El sacerdote es instrumento de unidad. El deseo del Señor es ut omnes unum sint, que todos sean uno. Él mismo señaló que todo reino dividido contra sí será desolado y que no hay ciudad ni hogar que subsista si se pierde la unidad. Los sacerdotes deben ser solícitos en conservar la unidad; y esta exhortación de San Pablo "se refiere, sobre todo, a los que han sido investidos del Orden sagrado para continuar la misión de Cristo". Es el sacerdote el que principalmente debe velar por la concordia entre los hermanos, el que vigila para que la unidad en la fe sea más fuerte que los antagonismos provocados por diferencias de ideas en cosas accidentales y terrenas. Al sacerdote corresponde, con su ejemplo y su palabra, mantener entre sus hermanos la conciencia de que ninguna cosa humana es tan importante como para destruir la maravillosa realidad del cor unum et anima una  que vivieron los primeros cristianos y que hemos de vivir nosotros. Esta misión de unidad la podrá lograr con más facilidad si está abierto a todos, si es apreciado por sus hermanos. "Pide para los sacerdotes, los de ahora y los que vendrán, que amen de verdad, cada día más y sin discriminaciones, a sus hermanos los hombres, y que sepan hacerse querer de ellos".
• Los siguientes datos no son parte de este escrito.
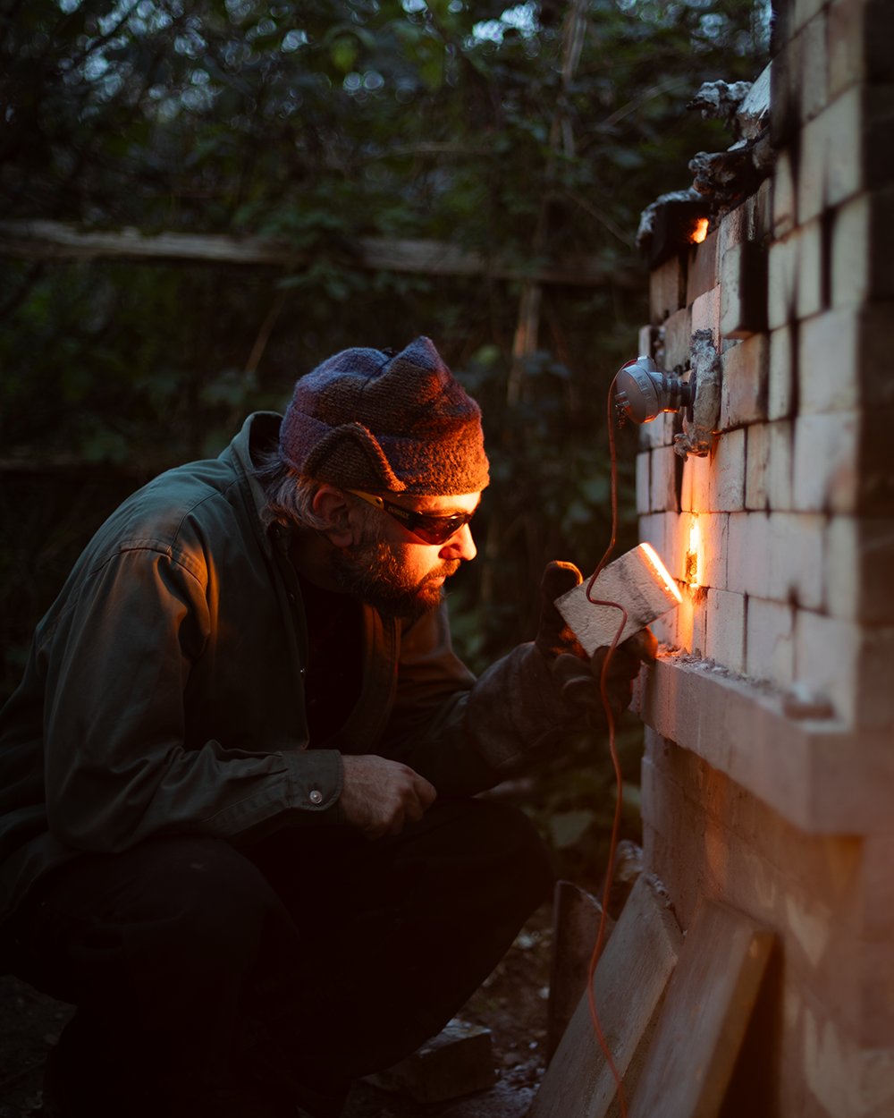 Jack Smith is a ceramicist based in Brighton whose practice centres on wood firing. He builds and fires wood kilns, using flame, ash, and atmosphere to shape his work and highlight the

El Papa Juan Pablo II, dirigiéndose a todos los sacerdotes del mundo, les exhortaba con estas palabras: "Al celebrar la Eucaristía en tantos altares del mundo, agradecemos al eterno Sacerdote el don que nos ha dado en el sacramento del Sacerdocio. Y que en esta acción de gracias se puedan escuchar las palabras puestas por el evangelista en boca de María con ocasión de la visita a su prima Isabel: Ha hecho en mi favor maravillas el Poderoso, Santo es su nombre (Lc 1, 49). Demos también gracias a María por el inefable don del Sacerdocio por el cual podemos servir en la Iglesia a cada hombre. ¡Que el agradecimiento despierte también nuestro celo (...)
"Demos gracias incesantemente por esto; con toda nuestra vida; con todo aquello de que somos capaces. Juntos demos gracias a María, Madre de los sacerdotes. ¿Cómo podré pagar al Señor todo el bien que me ha hecho? La copa de salvación levantaré e invocaré el nombre del Señor (Sal 115, 12-13)"
De la misión redentora de Cristo Sacerdote participa toda la Iglesia. A través de los sacramentos de la iniciación cristiana los fieles laicos participan de este sacerdocio de Cristo y quedan capacitados para santificar el mundo a través de sus tareas seculares. Los presbíteros, de un modo esencialmente diferente y no sólo de grado, participan del sacerdocio de Cristo y son constituidos mediadores entre Dios y los hombres, especialmente a través del Sacrificio de la Misa, que realizan in Persona Christi. Hoy es un día en el que de modo particular debemos pedir por todos los sacerdotes.